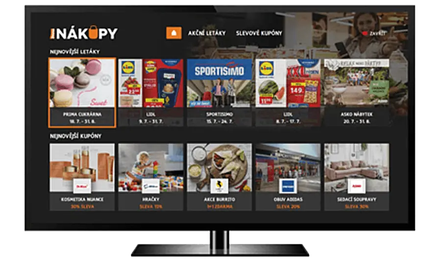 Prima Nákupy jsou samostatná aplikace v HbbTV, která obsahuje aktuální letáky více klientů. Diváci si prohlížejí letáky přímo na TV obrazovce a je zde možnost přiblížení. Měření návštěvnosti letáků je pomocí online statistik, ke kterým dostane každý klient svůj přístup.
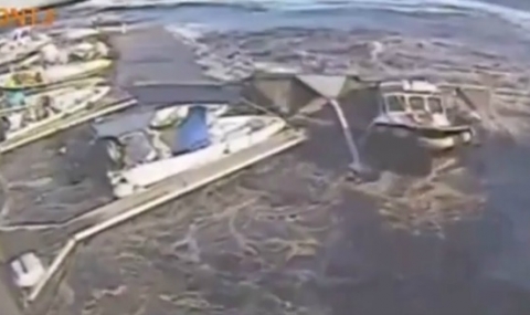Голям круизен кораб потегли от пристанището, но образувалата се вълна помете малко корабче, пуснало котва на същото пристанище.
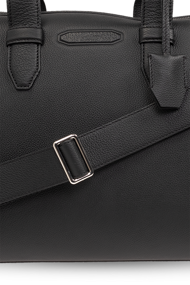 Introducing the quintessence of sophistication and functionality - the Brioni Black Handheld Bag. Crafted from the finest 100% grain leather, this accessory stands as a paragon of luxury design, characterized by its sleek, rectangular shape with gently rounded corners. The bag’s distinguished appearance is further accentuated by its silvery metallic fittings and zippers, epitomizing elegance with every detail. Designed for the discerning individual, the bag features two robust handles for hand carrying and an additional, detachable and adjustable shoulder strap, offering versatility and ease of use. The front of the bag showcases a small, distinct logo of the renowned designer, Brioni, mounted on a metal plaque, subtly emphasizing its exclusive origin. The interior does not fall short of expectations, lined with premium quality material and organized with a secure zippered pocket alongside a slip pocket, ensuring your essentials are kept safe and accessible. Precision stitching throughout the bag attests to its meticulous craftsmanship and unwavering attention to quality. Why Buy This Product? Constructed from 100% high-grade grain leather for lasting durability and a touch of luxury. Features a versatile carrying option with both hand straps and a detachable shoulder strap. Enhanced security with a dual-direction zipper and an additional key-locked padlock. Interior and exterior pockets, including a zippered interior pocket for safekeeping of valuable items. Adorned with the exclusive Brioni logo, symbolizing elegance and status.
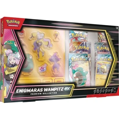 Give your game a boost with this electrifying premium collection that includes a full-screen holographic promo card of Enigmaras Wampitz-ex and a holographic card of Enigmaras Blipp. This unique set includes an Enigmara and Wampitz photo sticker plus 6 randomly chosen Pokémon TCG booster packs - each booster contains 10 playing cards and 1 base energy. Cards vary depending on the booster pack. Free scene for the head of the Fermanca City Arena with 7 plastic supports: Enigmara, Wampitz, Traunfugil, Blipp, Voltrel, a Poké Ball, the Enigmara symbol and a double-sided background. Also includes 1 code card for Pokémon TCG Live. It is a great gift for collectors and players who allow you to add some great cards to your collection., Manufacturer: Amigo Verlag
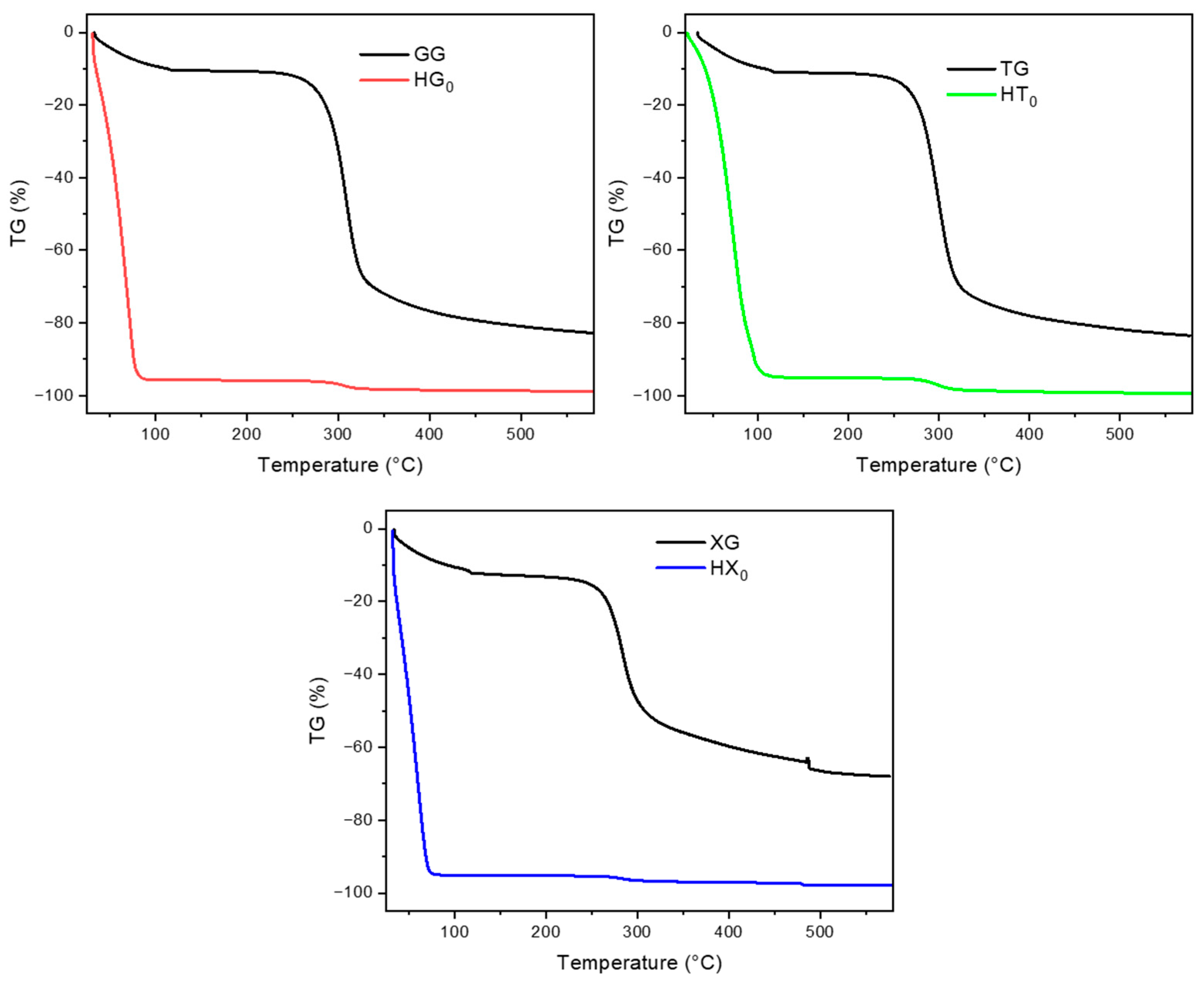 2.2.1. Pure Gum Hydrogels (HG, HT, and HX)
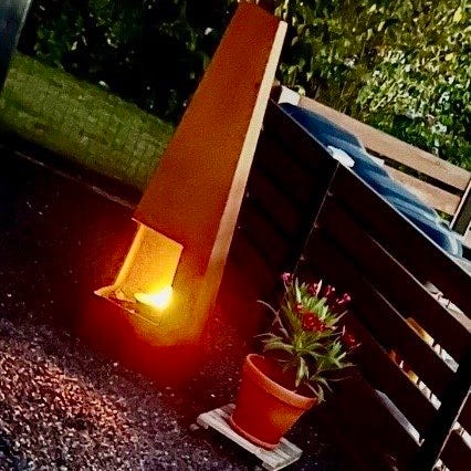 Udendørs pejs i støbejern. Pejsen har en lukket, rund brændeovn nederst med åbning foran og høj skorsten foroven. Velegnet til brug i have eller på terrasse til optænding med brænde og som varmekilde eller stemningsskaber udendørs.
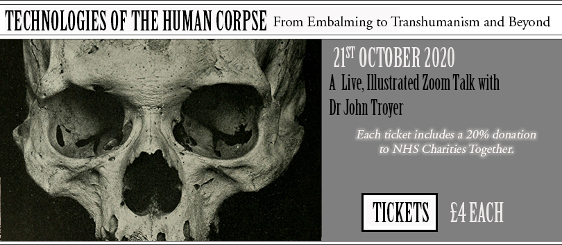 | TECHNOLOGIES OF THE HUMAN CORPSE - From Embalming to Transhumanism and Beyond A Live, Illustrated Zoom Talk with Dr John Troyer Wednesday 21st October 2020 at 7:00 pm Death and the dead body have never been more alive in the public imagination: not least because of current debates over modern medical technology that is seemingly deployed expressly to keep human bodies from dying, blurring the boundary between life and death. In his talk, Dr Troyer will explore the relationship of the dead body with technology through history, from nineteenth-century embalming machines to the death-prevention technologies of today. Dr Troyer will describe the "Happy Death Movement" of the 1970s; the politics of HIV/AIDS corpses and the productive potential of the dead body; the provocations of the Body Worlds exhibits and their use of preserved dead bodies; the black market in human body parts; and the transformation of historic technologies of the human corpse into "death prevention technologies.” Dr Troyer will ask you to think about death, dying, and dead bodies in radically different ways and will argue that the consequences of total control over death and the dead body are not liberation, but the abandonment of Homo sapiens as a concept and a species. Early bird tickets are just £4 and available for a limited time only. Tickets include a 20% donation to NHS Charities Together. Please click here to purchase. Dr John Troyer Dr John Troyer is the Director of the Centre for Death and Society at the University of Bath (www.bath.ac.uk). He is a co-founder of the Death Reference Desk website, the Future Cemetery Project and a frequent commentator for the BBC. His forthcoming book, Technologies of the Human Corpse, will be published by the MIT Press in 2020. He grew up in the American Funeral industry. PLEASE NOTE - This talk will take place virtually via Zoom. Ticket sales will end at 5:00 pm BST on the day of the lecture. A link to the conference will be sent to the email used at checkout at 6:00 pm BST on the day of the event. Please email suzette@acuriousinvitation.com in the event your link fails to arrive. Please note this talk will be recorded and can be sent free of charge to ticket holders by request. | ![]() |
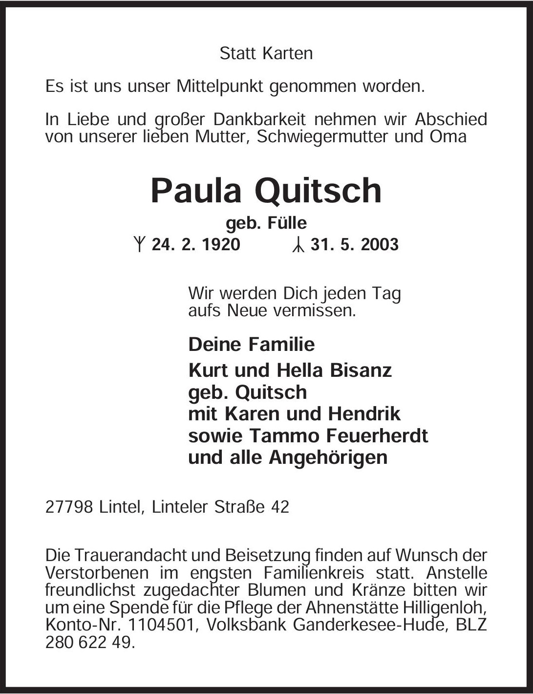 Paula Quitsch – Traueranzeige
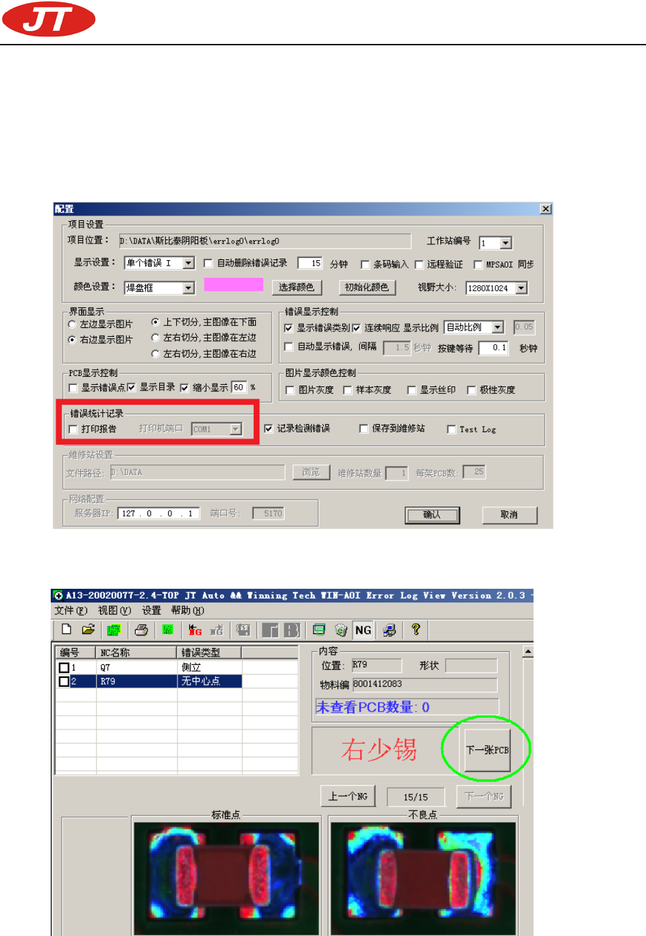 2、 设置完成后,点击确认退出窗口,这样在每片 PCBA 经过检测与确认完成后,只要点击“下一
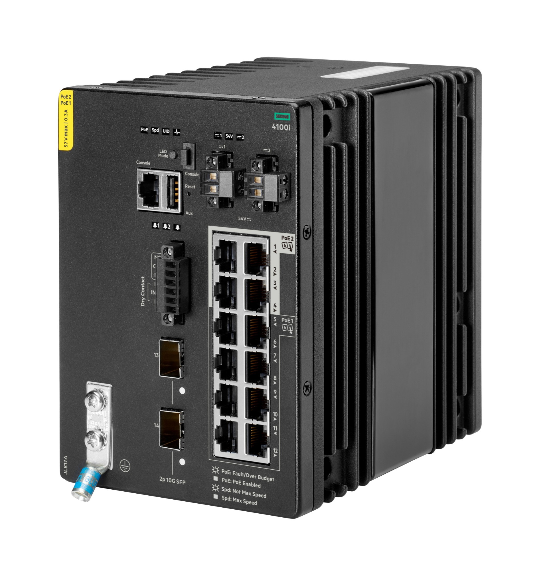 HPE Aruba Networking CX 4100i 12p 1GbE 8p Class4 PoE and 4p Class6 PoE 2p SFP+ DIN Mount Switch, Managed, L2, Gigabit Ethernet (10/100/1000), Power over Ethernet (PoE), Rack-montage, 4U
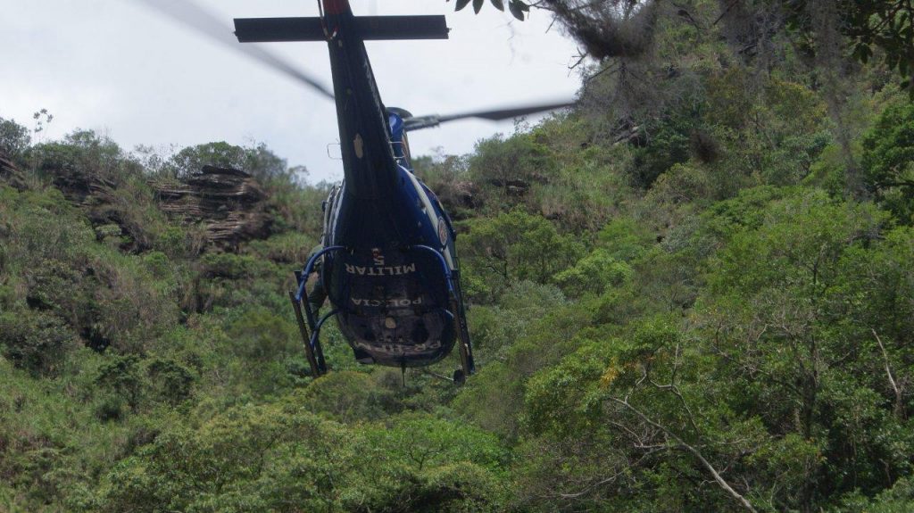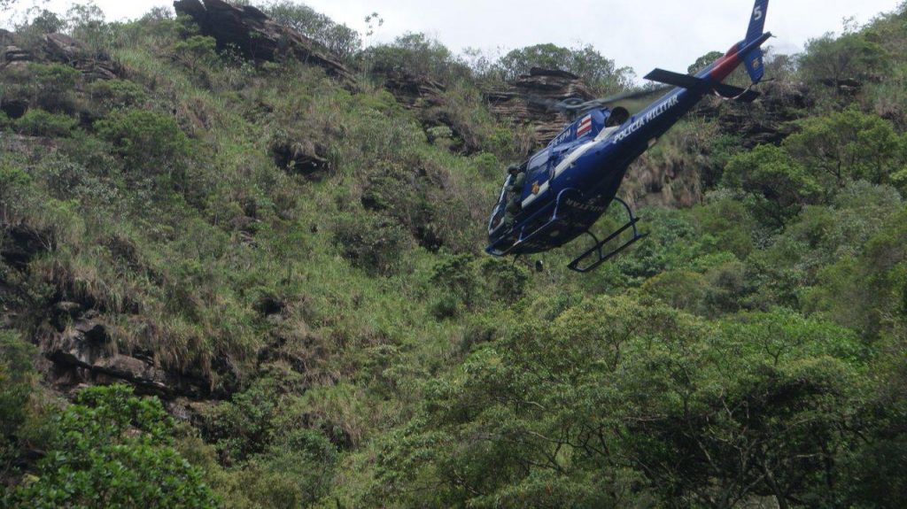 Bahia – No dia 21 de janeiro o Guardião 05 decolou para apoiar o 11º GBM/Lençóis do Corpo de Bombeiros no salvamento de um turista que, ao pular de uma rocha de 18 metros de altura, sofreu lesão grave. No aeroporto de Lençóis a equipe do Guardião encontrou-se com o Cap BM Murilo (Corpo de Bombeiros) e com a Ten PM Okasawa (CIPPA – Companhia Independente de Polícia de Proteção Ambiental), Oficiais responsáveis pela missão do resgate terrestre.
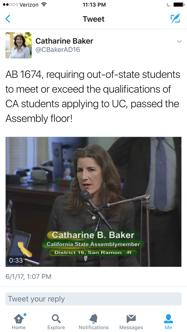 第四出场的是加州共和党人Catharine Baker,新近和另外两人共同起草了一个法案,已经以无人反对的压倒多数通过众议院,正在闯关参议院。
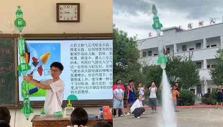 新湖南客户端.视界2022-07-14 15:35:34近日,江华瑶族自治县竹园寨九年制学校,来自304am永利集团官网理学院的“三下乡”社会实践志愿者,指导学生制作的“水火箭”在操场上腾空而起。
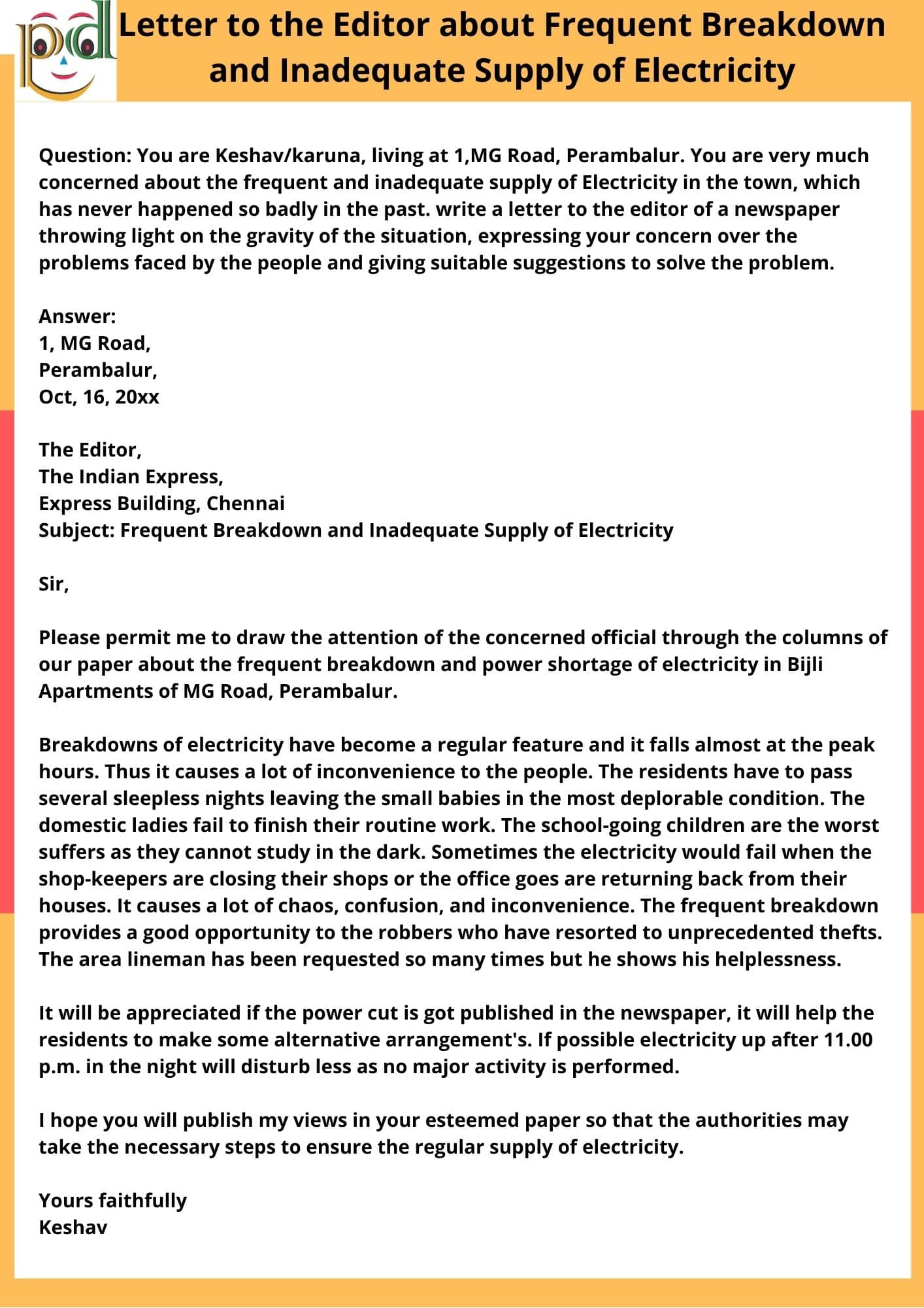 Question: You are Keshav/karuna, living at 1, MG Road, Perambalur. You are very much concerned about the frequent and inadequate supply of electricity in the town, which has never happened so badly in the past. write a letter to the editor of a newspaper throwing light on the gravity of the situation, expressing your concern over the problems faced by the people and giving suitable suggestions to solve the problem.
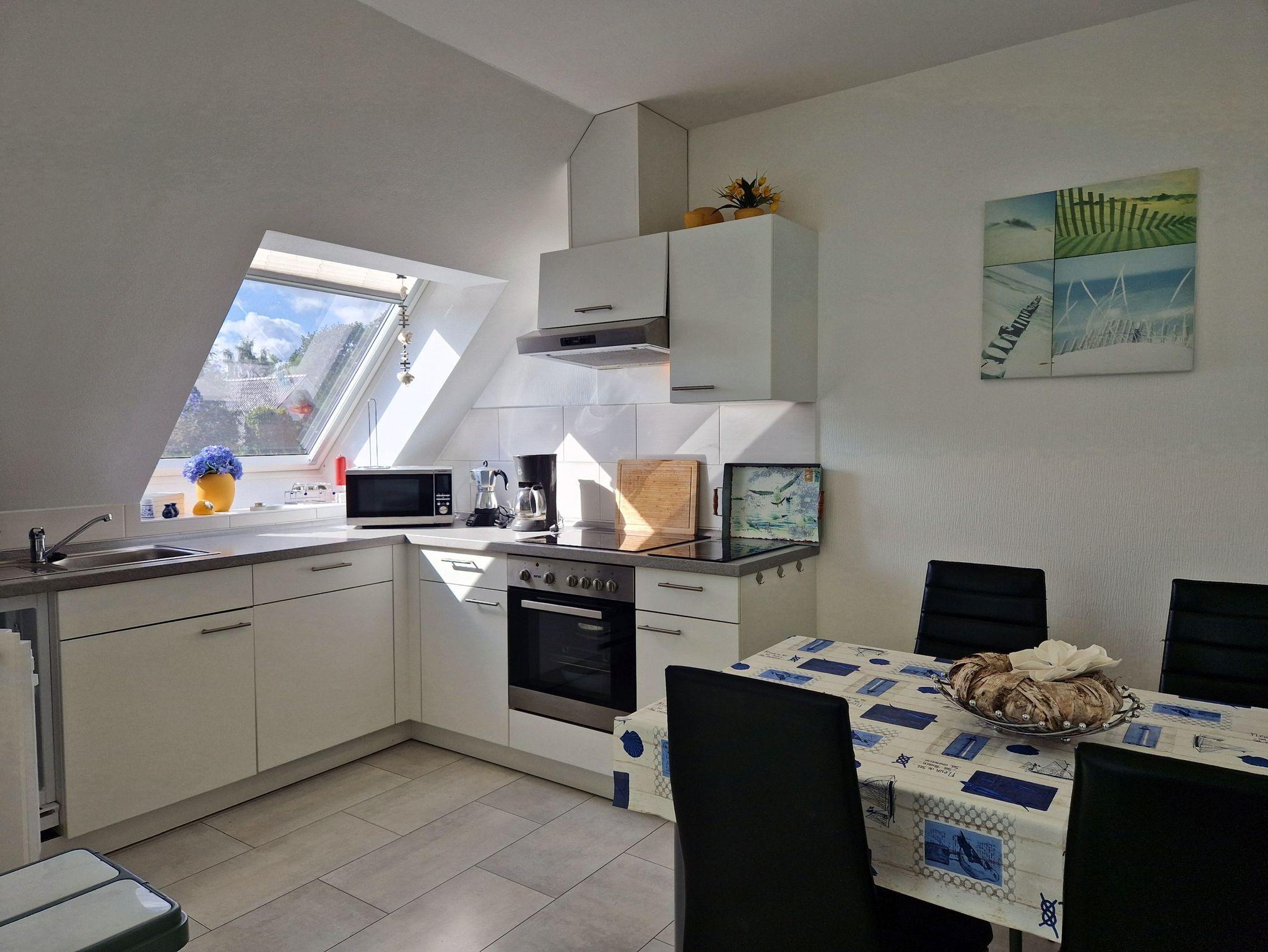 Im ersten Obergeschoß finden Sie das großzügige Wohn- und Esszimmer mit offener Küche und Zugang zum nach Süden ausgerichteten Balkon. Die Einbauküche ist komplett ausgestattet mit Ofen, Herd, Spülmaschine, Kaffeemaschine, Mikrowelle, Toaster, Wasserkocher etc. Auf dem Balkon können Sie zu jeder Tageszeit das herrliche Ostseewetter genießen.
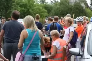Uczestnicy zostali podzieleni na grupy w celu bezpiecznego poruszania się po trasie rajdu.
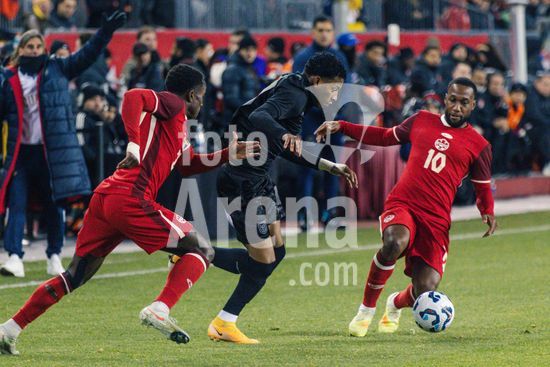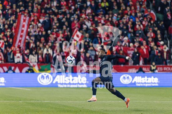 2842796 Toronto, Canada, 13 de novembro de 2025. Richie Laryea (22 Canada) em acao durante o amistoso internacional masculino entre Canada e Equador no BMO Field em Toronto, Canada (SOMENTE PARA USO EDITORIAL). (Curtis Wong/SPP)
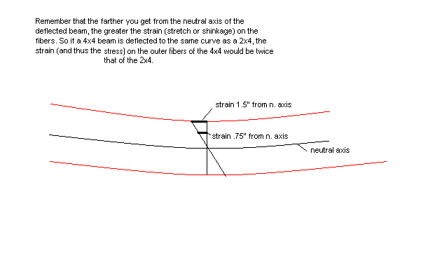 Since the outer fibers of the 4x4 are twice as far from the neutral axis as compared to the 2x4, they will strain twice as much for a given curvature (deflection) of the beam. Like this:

******************************

== TASK TO COMPLETE ==
Pictures in the material above should be skipped; print exactly the lines from the one with "Give your game" through the one with "Udendørs pejs i".

== WRITTEN ANSWER ==
 Give your game a boost with this electrifying premium collection that includes a full-screen holographic promo card of Enigmaras Wampitz-ex and a holographic card of Enigmaras Blipp. This unique set includes an Enigmara and Wampitz photo sticker plus 6 randomly chosen Pokémon TCG booster packs - each booster contains 10 playing cards and 1 base energy. Cards vary depending on the booster pack. Free scene for the head of the Fermanca City Arena with 7 plastic supports: Enigmara, Wampitz, Traunfugil, Blipp, Voltrel, a Poké Ball, the Enigmara symbol and a double-sided background. Also includes 1 code card for Pokémon TCG Live. It is a great gift for collectors and players who allow you to add some great cards to your collection., Manufacturer: Amigo Verlag
 2.2.1. Pure Gum Hydrogels (HG, HT, and HX)
 Udendørs pejs i støbejern. Pejsen har en lukket, rund brændeovn nederst med åbning foran og høj skorsten foroven. Velegnet til brug i have eller på terrasse til optænding med brænde og som varmekilde eller stemningsskaber udendørs.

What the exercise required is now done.